# Eagle video I took



## Steve (Jan 15, 2000)

Spotted this guy while riding my bike today. Got on foot and captured some video.


----------



## Tilden Hunter (Jun 14, 2018)

The only trees I've seen eagle in are white pines like shown in the video. Has anyone seen an eagle in any other kind of tree?


----------



## don (Jan 20, 2001)

Numerous times around here I’ve seen them in tall Maples. We have a nest down the road in an old Ash that gets used every year.


----------



## sureshot006 (Sep 8, 2010)

Tilden Hunter said:


> The only trees I've seen eagle in are white pines like shown in the video. Has anyone seen an eagle in any other kind of tree?


----------



## ESOX (Nov 20, 2000)

Tilden Hunter said:


> The only trees I've seen eagle in are white pines like shown in the video. Has anyone seen an eagle in any other kind of tree?

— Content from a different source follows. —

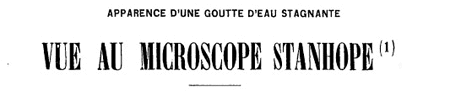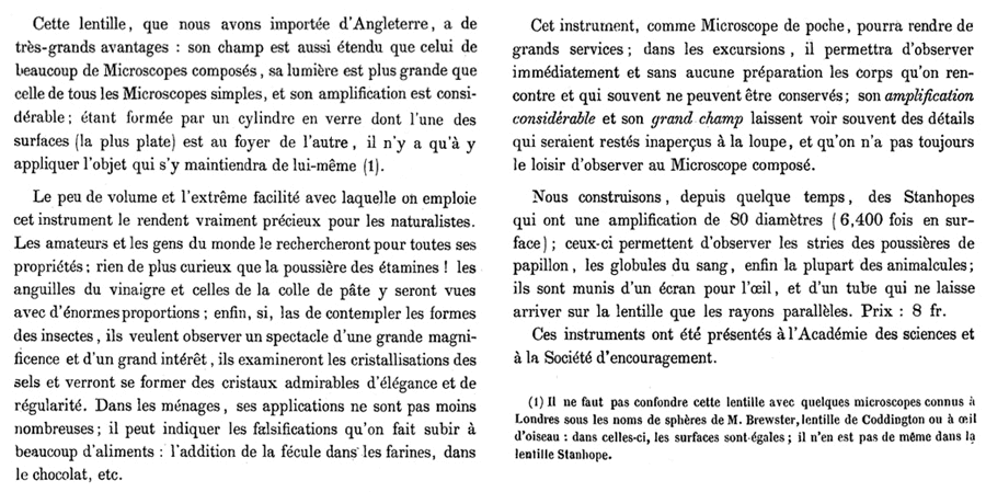 Le document qui suit est tiré de l'ouvrage de N.-P. LEREBOURS, dans son édition de 1846, "INSTRUCTION PRATIQUE SUR LES MICROSCOPES". Il présente le microscope Stanhope proposé par la maison LEREBOURS & SECRETAN, Opticiens de l'Observatoire, Place du Pont Neuf à Paris. Il s'agit d'un hors texte publicitaire dans lequel l'optimisme ne fait pas défaut... |
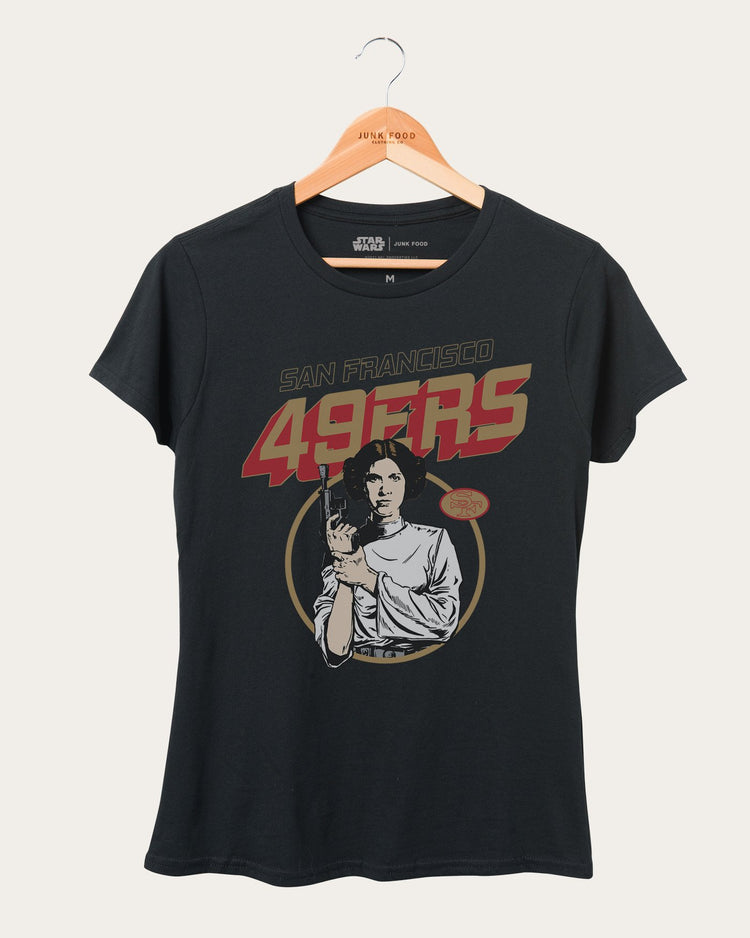 Save the galaxy in our Star Wars™ Princess Leia Women's Tee. Featuring a soft-hand screen print on the front and made of 100% cotton, this contoured, feminine fit tee is the perfect combination of pop culture and sports culture for fans of both. Go 49ers!

See one in a huge white oak on the shore of St Clair every winter. Another spends it's time atop a phone pole in Antrim County


----------



## kroppe (May 7, 2000)

My wife and I see two eagles relatively often on our bike ride, the photo shows one of them. 

We saw an eagle this past weekend in Shenandoah National Park in western Virginia, flying among oaks and other hardwoods.

In Fremont, MI I have seen an eagle in the an oak tree. Nice to see eagles with some regularity.


----------